_Task details_.
Using the data below, restate exactly every line from the one with "皆んなで頑張りました。" up to and including the one with "Рисунок 2. Уровень". No picture belongs in it.

[Opening Material for this task section]

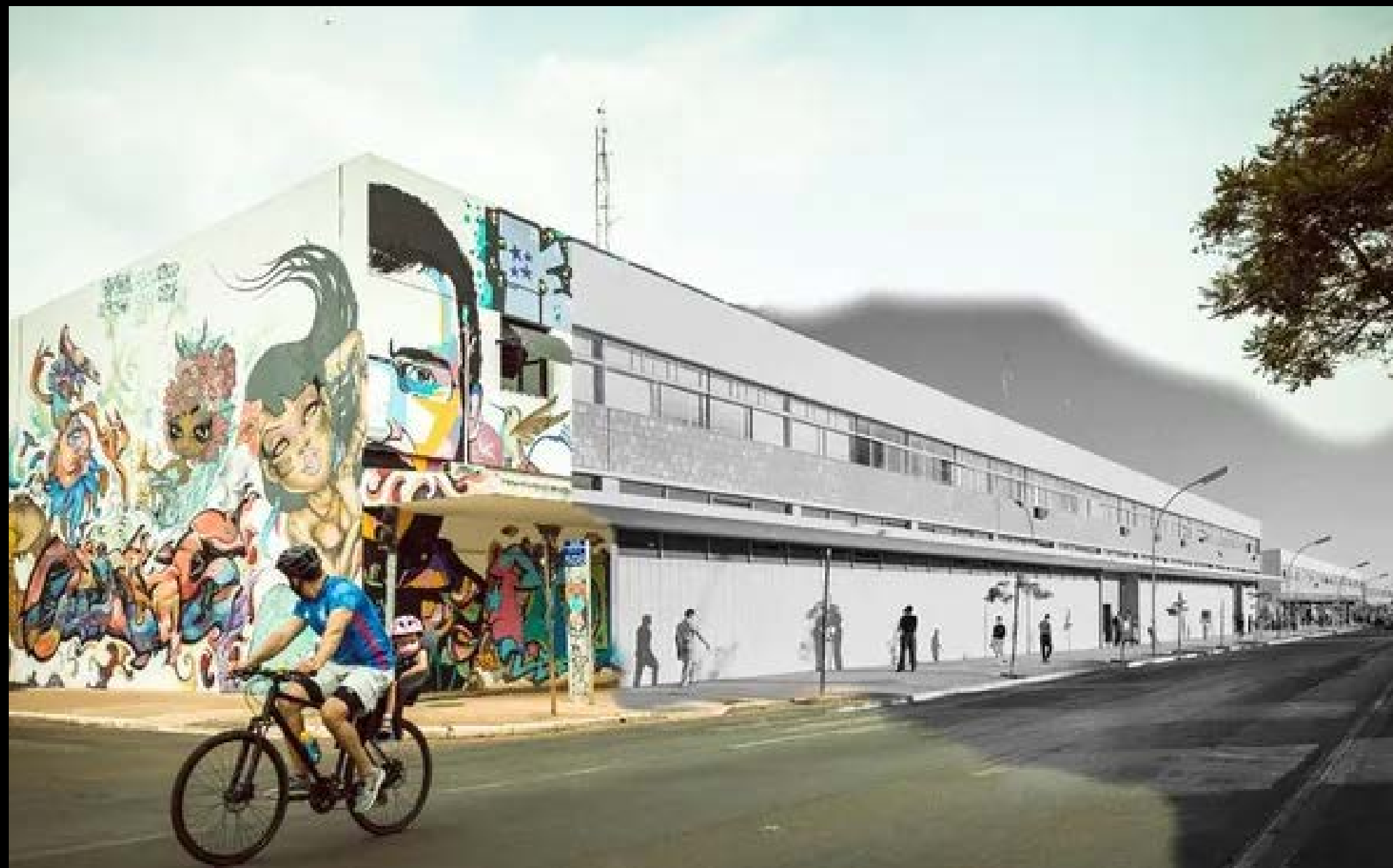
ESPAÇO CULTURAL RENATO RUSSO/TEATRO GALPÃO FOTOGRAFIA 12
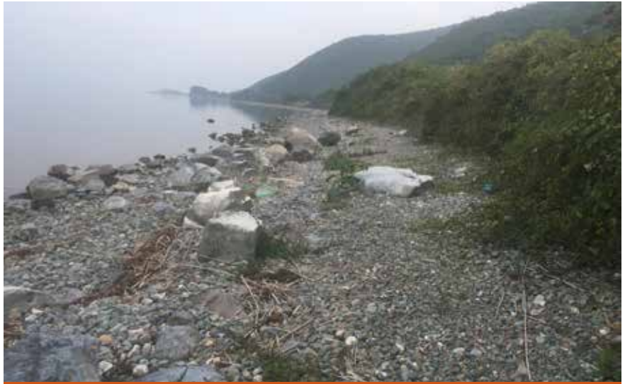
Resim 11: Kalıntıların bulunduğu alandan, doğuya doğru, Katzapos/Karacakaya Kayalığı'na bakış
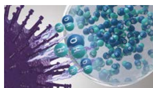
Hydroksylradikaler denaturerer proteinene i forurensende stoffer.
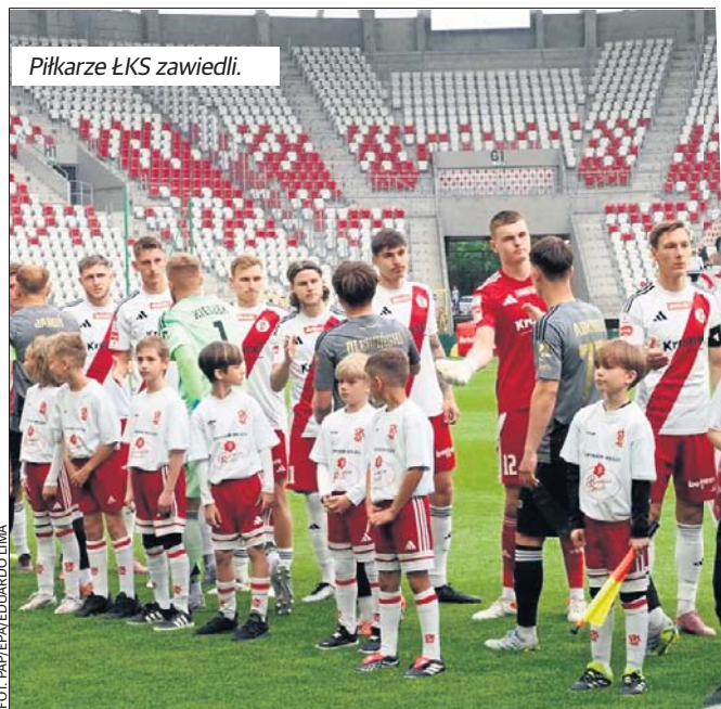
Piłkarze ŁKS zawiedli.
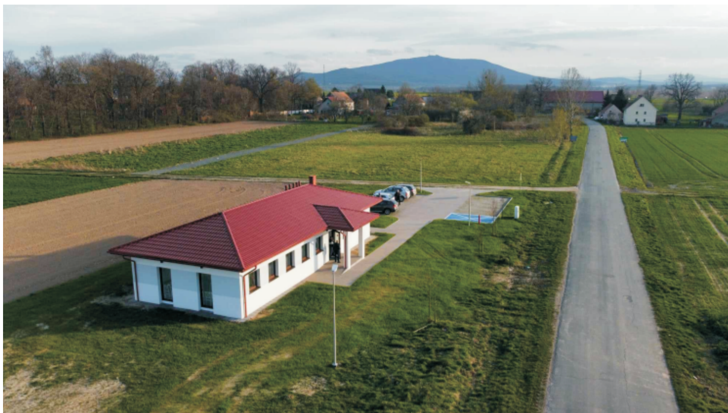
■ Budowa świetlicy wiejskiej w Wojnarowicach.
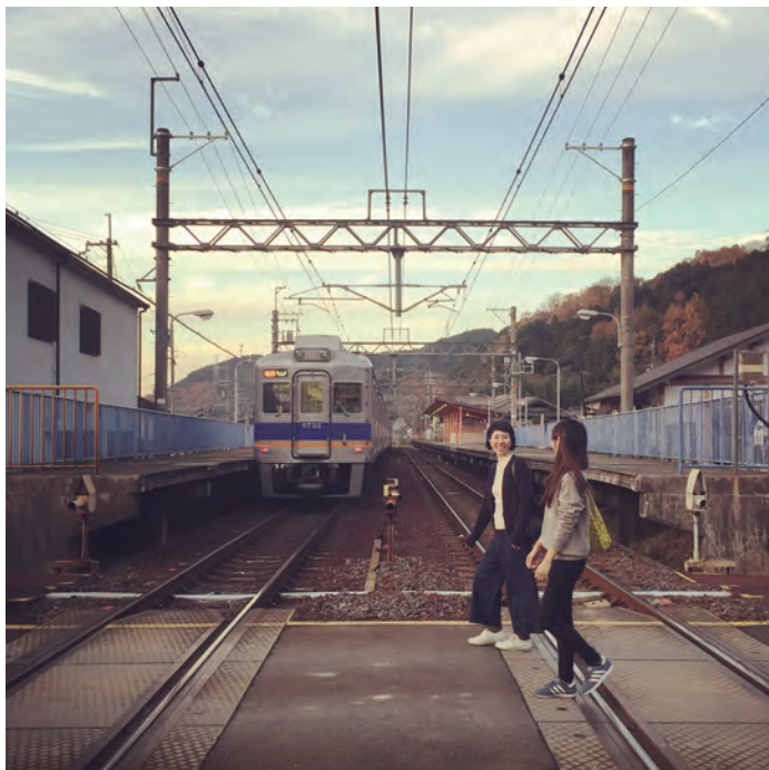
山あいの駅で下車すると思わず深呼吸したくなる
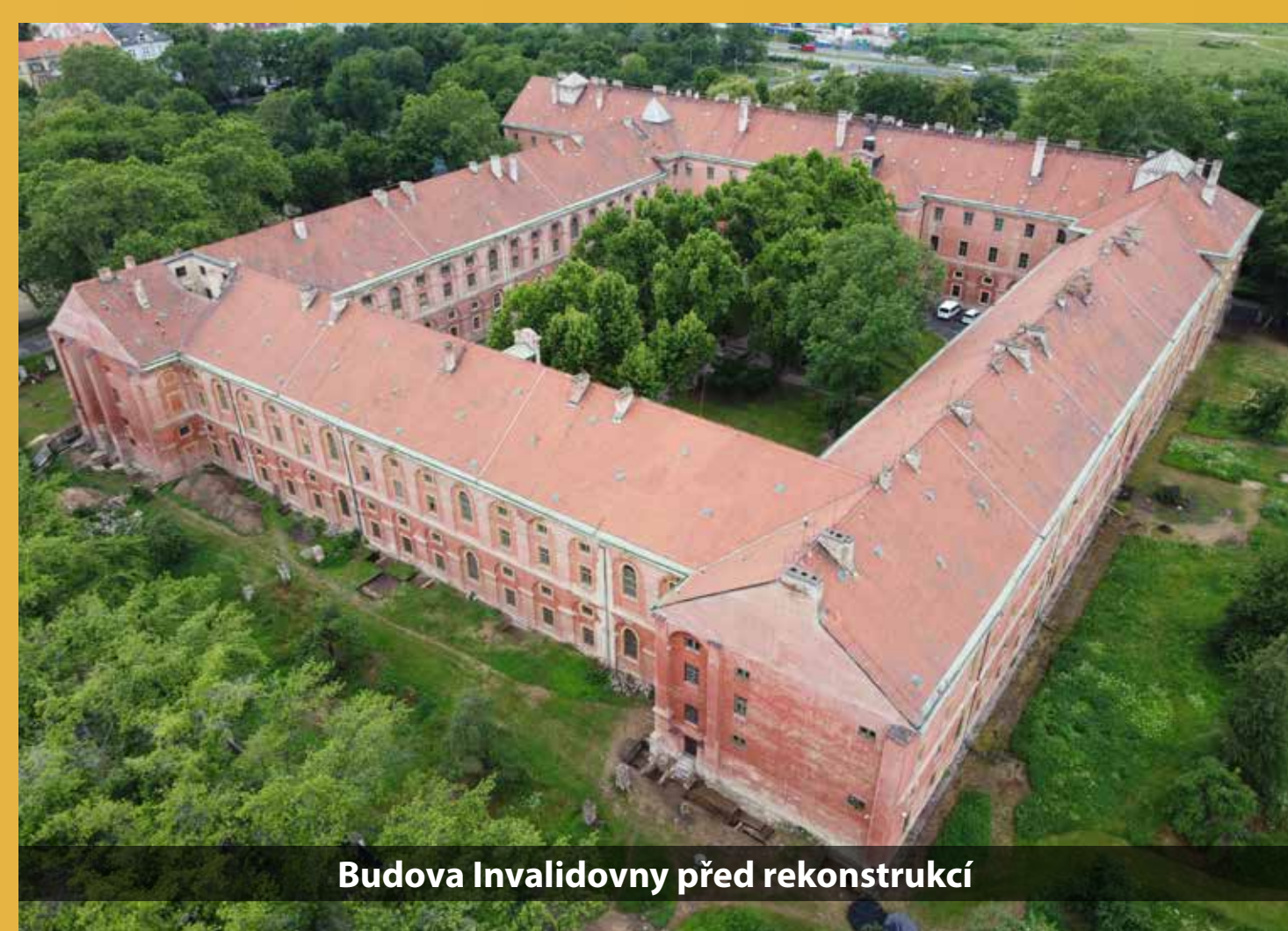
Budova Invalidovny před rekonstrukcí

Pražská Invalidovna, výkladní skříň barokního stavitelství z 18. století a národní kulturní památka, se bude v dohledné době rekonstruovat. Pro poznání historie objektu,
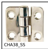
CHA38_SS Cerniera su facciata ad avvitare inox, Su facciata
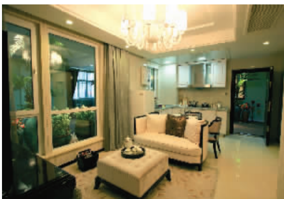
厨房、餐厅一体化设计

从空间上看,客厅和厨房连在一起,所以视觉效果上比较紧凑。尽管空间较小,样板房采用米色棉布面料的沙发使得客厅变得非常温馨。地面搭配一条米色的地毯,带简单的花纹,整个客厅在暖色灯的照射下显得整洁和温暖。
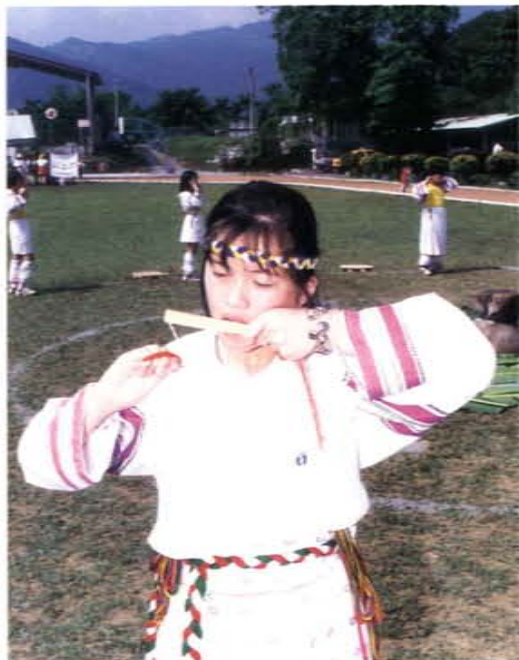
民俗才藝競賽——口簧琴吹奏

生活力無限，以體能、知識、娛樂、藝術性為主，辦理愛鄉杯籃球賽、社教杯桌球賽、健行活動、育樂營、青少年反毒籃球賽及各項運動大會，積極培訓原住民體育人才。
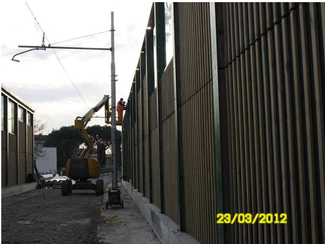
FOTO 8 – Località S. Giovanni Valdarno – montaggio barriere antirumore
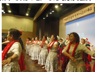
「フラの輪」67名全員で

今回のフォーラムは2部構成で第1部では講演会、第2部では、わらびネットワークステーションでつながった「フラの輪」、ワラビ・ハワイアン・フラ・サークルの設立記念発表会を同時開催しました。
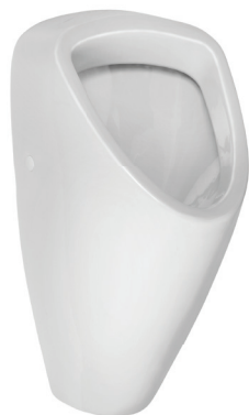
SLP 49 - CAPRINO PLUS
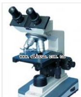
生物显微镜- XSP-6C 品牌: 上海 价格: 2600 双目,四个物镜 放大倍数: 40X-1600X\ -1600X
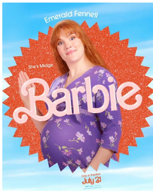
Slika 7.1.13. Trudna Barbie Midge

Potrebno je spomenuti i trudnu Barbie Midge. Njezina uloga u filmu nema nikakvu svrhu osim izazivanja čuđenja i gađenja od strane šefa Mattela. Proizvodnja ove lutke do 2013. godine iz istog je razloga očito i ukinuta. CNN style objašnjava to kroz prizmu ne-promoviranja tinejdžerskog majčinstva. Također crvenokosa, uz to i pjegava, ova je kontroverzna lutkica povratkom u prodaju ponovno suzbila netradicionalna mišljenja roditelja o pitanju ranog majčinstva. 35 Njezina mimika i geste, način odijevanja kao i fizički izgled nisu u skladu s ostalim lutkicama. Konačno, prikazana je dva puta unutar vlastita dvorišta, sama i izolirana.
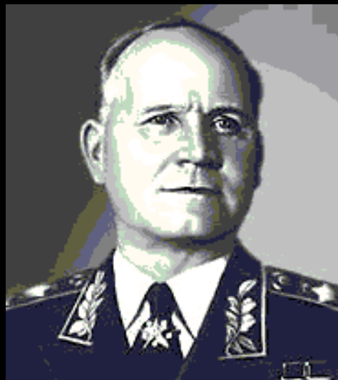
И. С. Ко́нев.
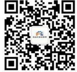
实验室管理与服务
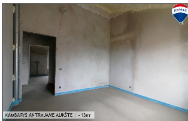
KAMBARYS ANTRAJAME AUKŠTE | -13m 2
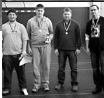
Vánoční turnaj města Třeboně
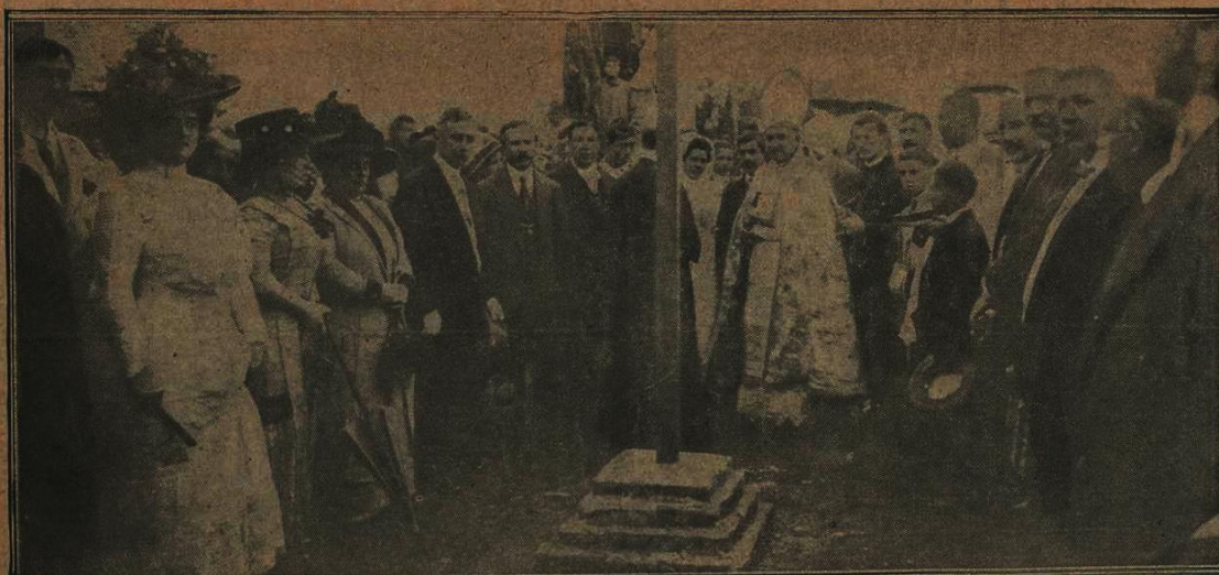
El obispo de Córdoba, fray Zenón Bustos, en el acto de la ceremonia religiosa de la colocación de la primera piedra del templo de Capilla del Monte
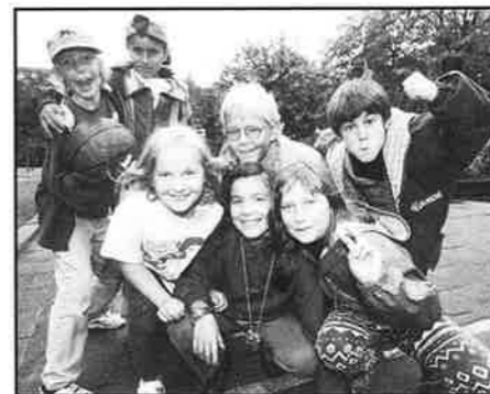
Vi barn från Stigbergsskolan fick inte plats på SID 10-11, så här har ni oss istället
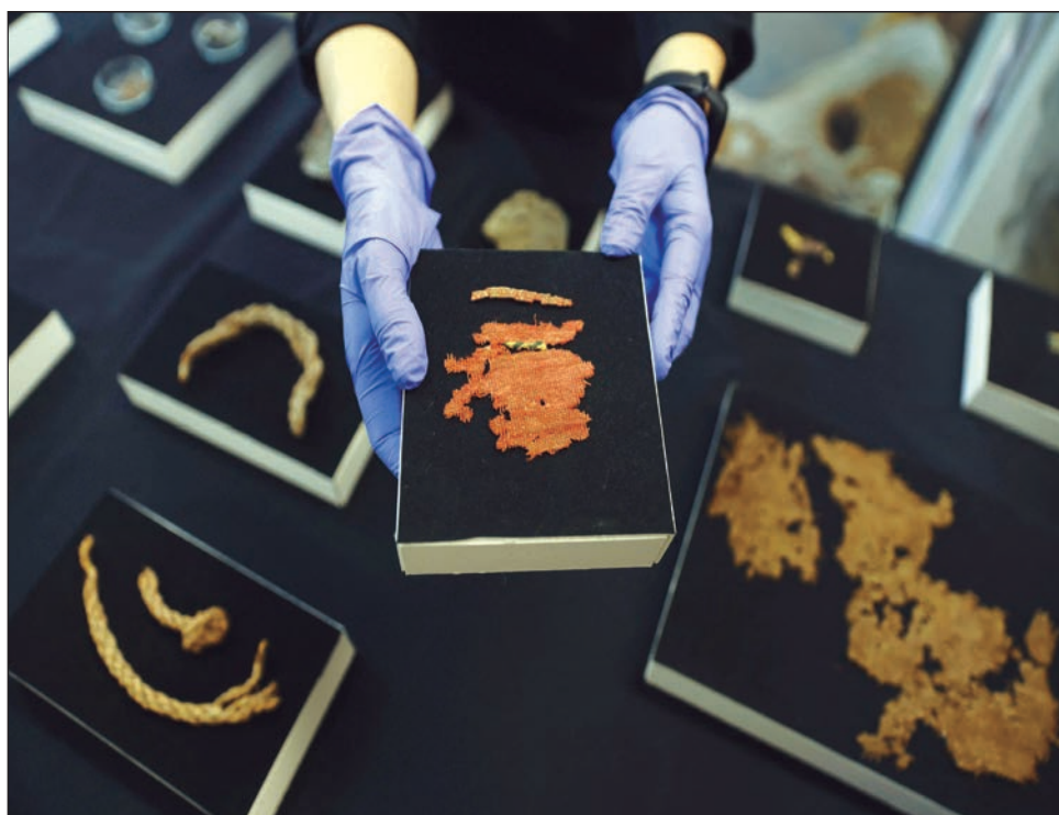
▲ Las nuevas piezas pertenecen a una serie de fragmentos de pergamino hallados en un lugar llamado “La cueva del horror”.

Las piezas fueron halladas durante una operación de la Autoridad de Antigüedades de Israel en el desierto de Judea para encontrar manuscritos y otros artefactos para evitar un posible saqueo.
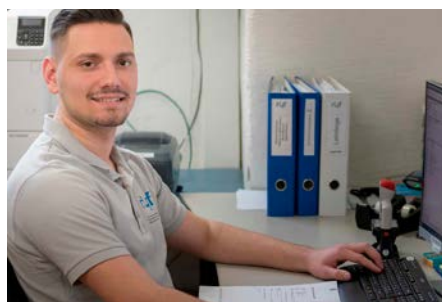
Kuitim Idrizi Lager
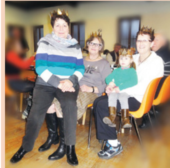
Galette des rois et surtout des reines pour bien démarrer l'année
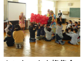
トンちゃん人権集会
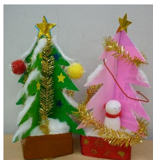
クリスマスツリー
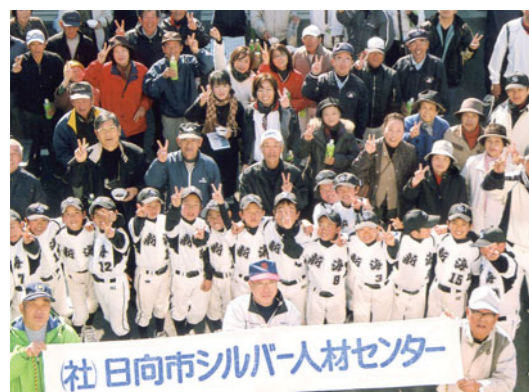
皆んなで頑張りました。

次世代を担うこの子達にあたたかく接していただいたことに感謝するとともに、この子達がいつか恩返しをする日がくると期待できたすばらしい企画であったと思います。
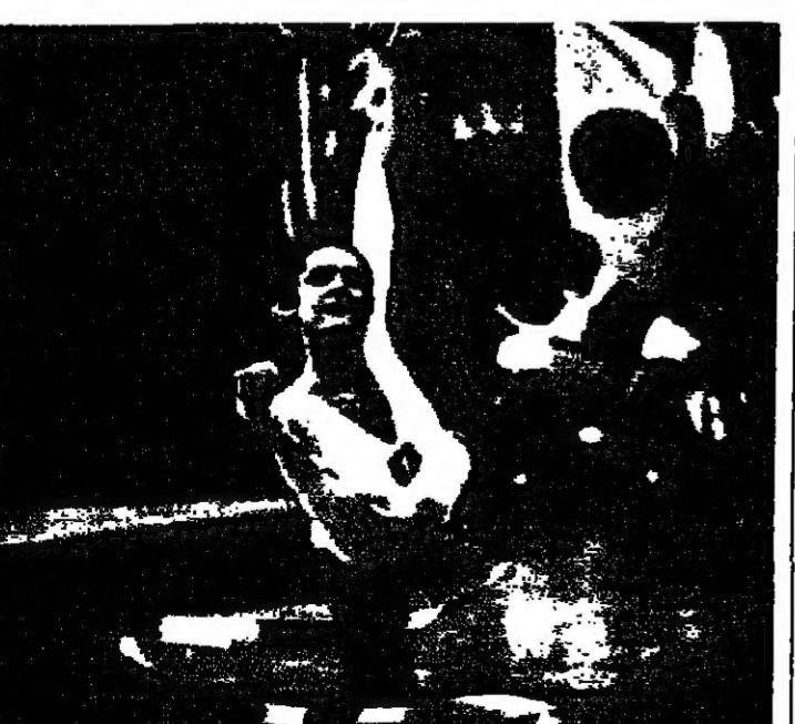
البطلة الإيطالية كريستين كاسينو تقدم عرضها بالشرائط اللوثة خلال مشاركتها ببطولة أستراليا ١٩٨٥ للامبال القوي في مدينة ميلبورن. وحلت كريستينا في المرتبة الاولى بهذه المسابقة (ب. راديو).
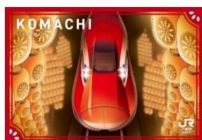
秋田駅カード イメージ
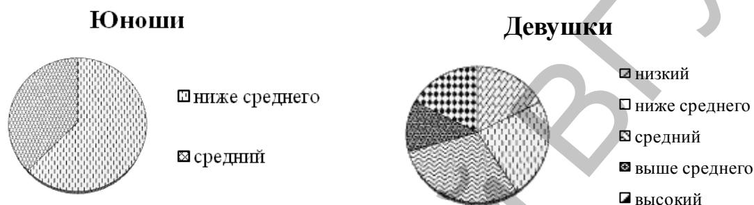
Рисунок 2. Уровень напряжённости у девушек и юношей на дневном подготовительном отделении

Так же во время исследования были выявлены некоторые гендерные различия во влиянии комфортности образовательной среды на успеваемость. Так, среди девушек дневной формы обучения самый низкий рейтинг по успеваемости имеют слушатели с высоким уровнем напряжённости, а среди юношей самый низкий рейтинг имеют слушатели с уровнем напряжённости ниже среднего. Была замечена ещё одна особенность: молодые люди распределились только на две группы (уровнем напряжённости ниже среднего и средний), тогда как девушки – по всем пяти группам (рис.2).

[Closing Material for this task section]

_Task solution_.
皆んなで頑張りました。

次世代を担うこの子達にあたたかく接していただいたことに感謝するとともに、この子達がいつか恩返しをする日がくると期待できたすばらしい企画であったと思います。
البطلة الإيطالية كريستين كاسينو تقدم عرضها بالشرائط اللوثة خلال مشاركتها ببطولة أستراليا ١٩٨٥ للامبال القوي في مدينة ميلبورن. وحلت كريستينا في المرتبة الاولى بهذه المسابقة (ب. راديو).
秋田駅カード イメージ
Рисунок 2. Уровень напряжённости у девушек и юношей на дневном подготовительном отделении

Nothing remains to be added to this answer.